Los cuernos sonaban arriba y abajo de los parapetos y, cuando Volusia echó un vistazo, se sorprendió al ver un ejército de soldados que dibujaba el horizonte. La línea del horizonte estaba llena de cientos de miles de ellos, un gran ejército, más grande incluso que los hombres que tenía tras ella. Estaba claro que habían estado esperando la orden del comandante del Imperio más allá de las murallas, al otro lado de la capital, en el desierto. No había topado con una batalla más, esta sería una guerra en toda regla.
Sonó otro cuerno y, de repente, las enormes puertas de oro que tenía ante ella empezaron a abrirse. Se abrían más y más y, mientras lo hacían, se oyó un gran grito de guerra, mientras salían más miles de soldados del Imperio, dirigiéndose directamente a ellos.
A la vez, los centenares de miles de soldados que estaban en el horizonte se dirigían también hacia ellos, dividiendo sus fuerzas alrededor de la ciudad del Imperio y atacándolos por ambos lados.

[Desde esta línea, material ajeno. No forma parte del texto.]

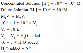 Question: How many litres of water must be added to 1 litre of an aqueous solution of $\mathrm{HCl}$ with a pH of 1 to create an aqueous solution with $\mathrm{pH}$ of 2 ?

Volusia, que se mantenía en su sitio, levantó un puño en alto y lo bajó después.
Tras ella, su ejército soltó un gran grito de guerra mientras corrían a toda prisa para encontrarse con los hombres del Imperio.
Volusia sabía que esta era la batalla que decidiría el destino de la capital –el mismo destino del Imperio. Sus hechiceros le habían fallado pero sus soldados no lo harían. Al fin y al cabo, ella podía ser más despiadada que cualquier hombre y, para ello, no necesitaba de la brujería.
Veía cómo los hombres se dirigían hacia ella y no se movió, deleitándose ante la oportunidad de matar o ser asesinada.